══ Information shown

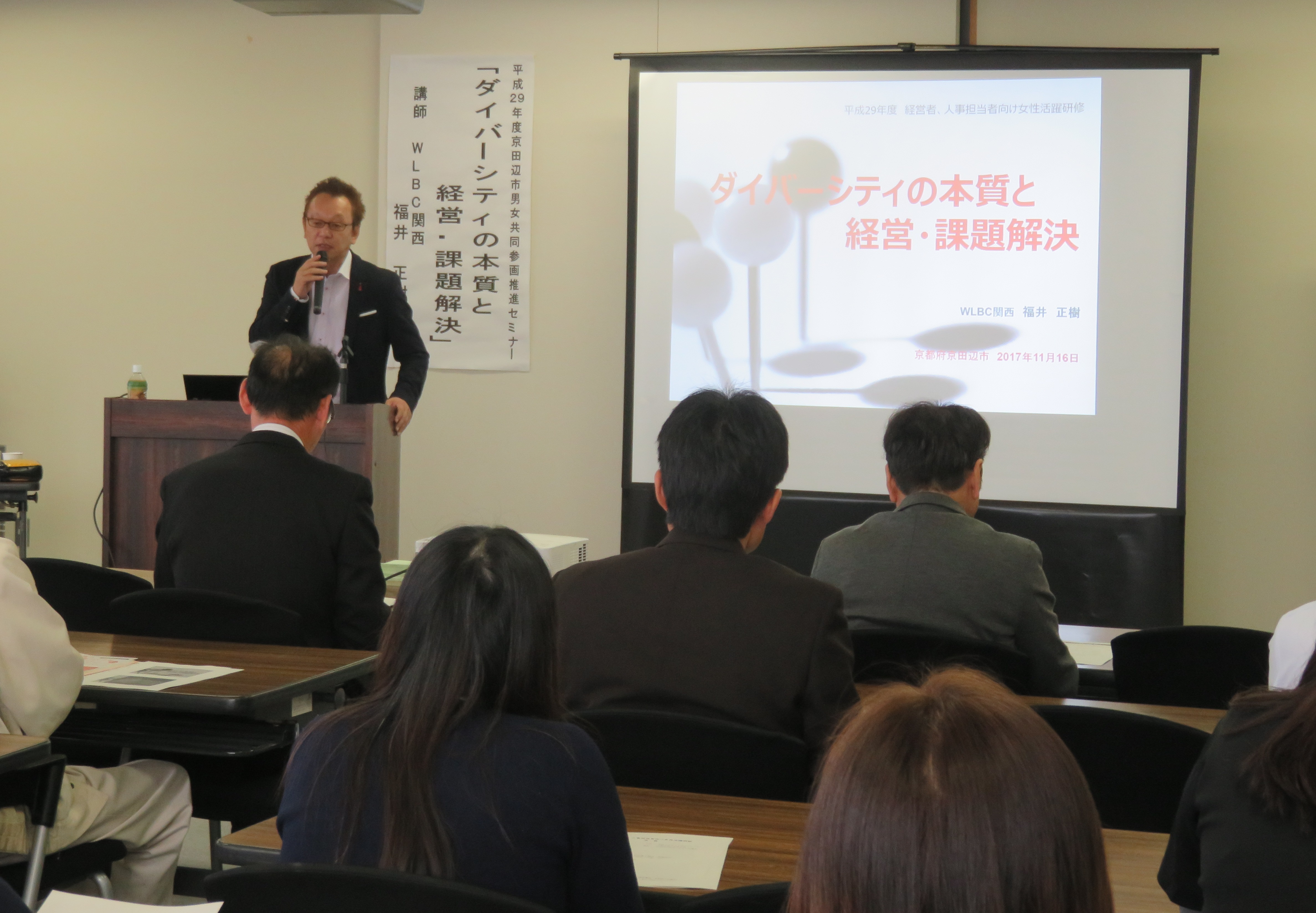 京田辺市と輝く女性応援京都会議(事務局:京都府・京都市・京都労働局・京都商工会議所)は、市内事業所や市民団体において男女共同参画の推進役として設置いただいている男女共同参画推進員および府内事業所の管理職・人事担当者等を対象に、各事業所等における男女共同参画の促進を目的として、女性活躍研修を開催しました。
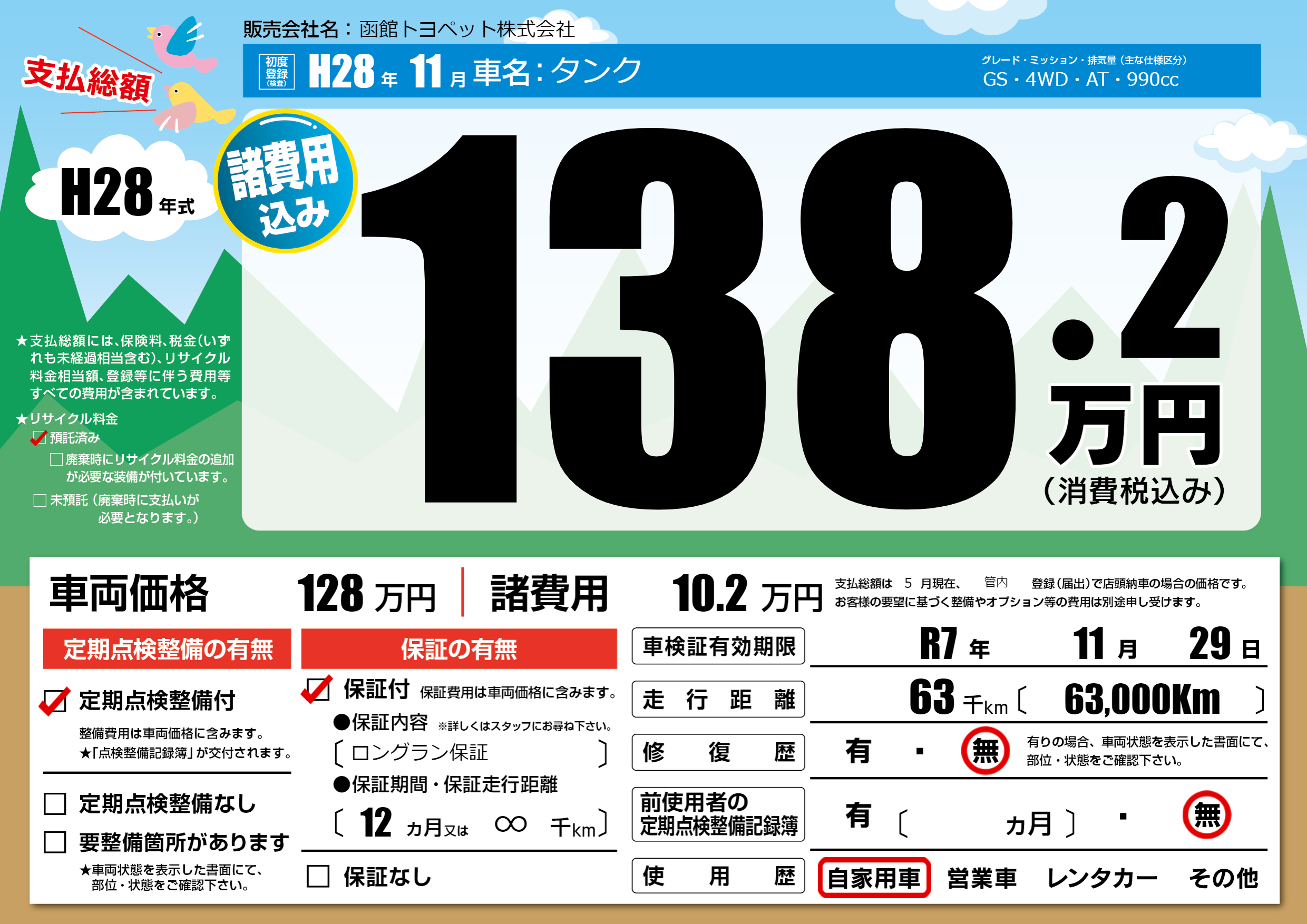 | 車検制限 | R7年 11月 29日 | ||
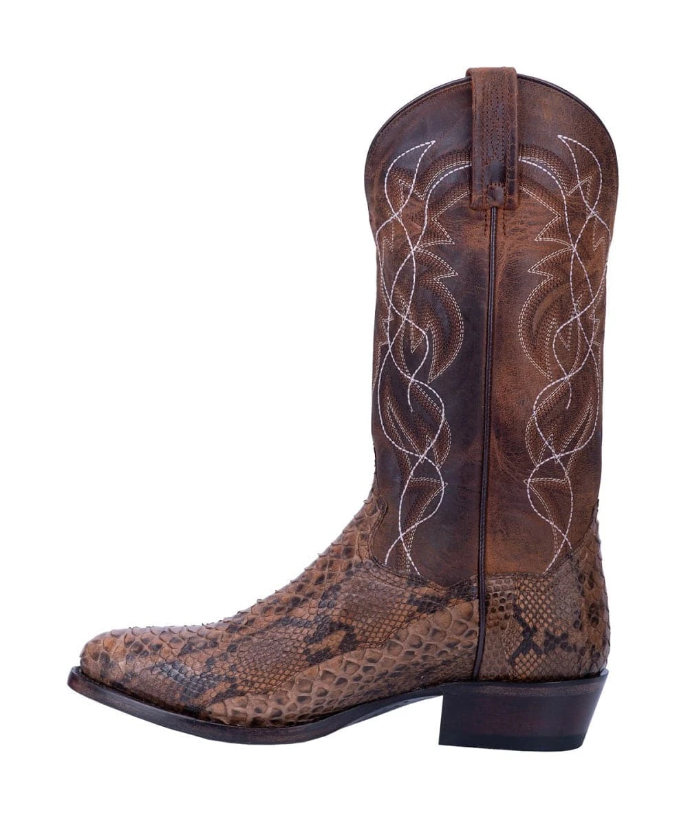 13″ Boot; Genuine Python Leather; Leather Lining; Multi Row Tonal And White Accent Stitching; Removable Antibacterial And Antifungal Soft Strike Orthotic; 1 3/8″ Cowboy Heel; Round Toe; Leather Outsole; Style #DP3037

════

Exercise directions. Print the material precisely as given, dropping any images it holds.

Task answer.
 京田辺市と輝く女性応援京都会議(事務局:京都府・京都市・京都労働局・京都商工会議所)は、市内事業所や市民団体において男女共同参画の推進役として設置いただいている男女共同参画推進員および府内事業所の管理職・人事担当者等を対象に、各事業所等における男女共同参画の促進を目的として、女性活躍研修を開催しました。
 | 車検制限 | R7年 11月 29日 | ||
 13″ Boot; Genuine Python Leather; Leather Lining; Multi Row Tonal And White Accent Stitching; Removable Antibacterial And Antifungal Soft Strike Orthotic; 1 3/8″ Cowboy Heel; Round Toe; Leather Outsole; Style #DP3037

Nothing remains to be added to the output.